8. The method according to claim 6, characterized in that The method further comprises: performing error correction processing on the displacement of the tumor in the two adjacent projection images to obtain a corrected displacement; The error correction process for the displacement of the tumor in the two adjacent projection images includes: Determine the movement trend of the tumor based on the projection image before the two adjacent projection images in the projection image sequence, and perform error correction processing on the displacement of the tumor when the displacement of the tumor does not conform to the movement trend of the tumor; and / or, Based on a noise filtering method corresponding to a system noise feature, noise filtering is performed on the displacement of the tumor; wherein the system noise feature is a signal feature that is generated during the process of determining the displacement of the tumor and interferes with the displacement of the tumor.
9. The method according to claim 1, characterized in that: After determining the first position of the tumor in the projection image for each projection image in the sequence of projection images, the method further comprises: For a target projection image separated by K projection images in the projection image sequence, a second reference projection image corresponding to the target projection image is obtained, where the second reference projection image is an image generated by digitally projecting and reconstructing the reference image of the target object at an imaging angle of the target projection image; K is a positive integer; Performing registration processing on the target projection image and the second reference projection image to determine a second position of the tumor in the target projection image; Based on the degree of deviation between the first position and the second position, the first position is corrected using a correction method corresponding to the degree of deviation to obtain a corrected first position of the tumor.

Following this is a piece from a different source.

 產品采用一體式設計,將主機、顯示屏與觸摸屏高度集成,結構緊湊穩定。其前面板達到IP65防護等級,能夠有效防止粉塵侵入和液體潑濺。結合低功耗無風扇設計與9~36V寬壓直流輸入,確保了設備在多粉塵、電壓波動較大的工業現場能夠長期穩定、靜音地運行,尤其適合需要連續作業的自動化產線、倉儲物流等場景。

10. The method according to claim 9, characterized in that The correcting the first position by adopting a correction method corresponding to the degree of deviation includes: Corresponding to the degree of deviation being less than a first threshold, no correction is performed on the first position; Corresponding to the deviation degree being greater than a second threshold, the first position is replaced by the second position, and the first position corresponding to the projection image after the target projection image is corrected; the second threshold is greater than the first threshold; Corresponding to the deviation degree being within the interval where the first threshold and the second threshold are located, the first position is replaced by the average of the first position and the second position.

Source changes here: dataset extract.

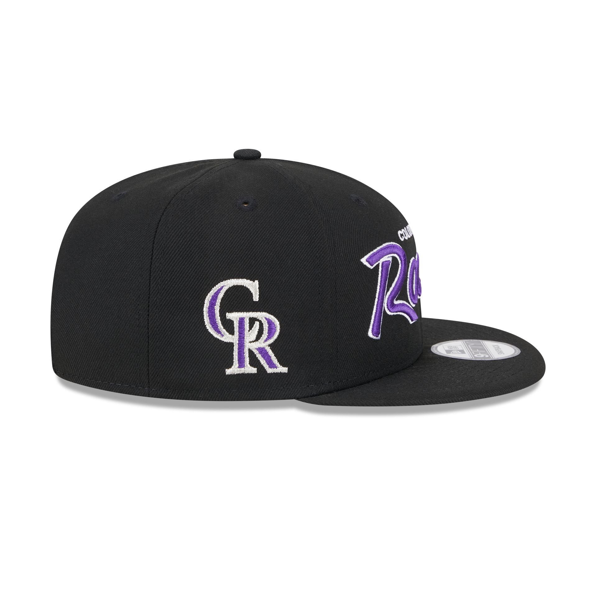 The Colorado Rockies Wordmark 9FIFTY Snapback features an embroidered Rockies wordmark at the front panels with a matching team logo at the right-wear side. a gray undervisor. and a snapback closure at the rear.

11. An electronic device, characterized in that: The electronic device comprises: processor; a memory configured to store instructions executable by the processor; Wherein, the processor is configured to execute the instructions to implement the tumor motion model establishment method as described in any one of claims 1-10.
12. A computer-readable storage medium, characterized in that: The computer-readable storage medium stores instructions. When a computer executes the instructions, the computer executes the method for establishing a tumor motion model according to any one of claims 1 to 10.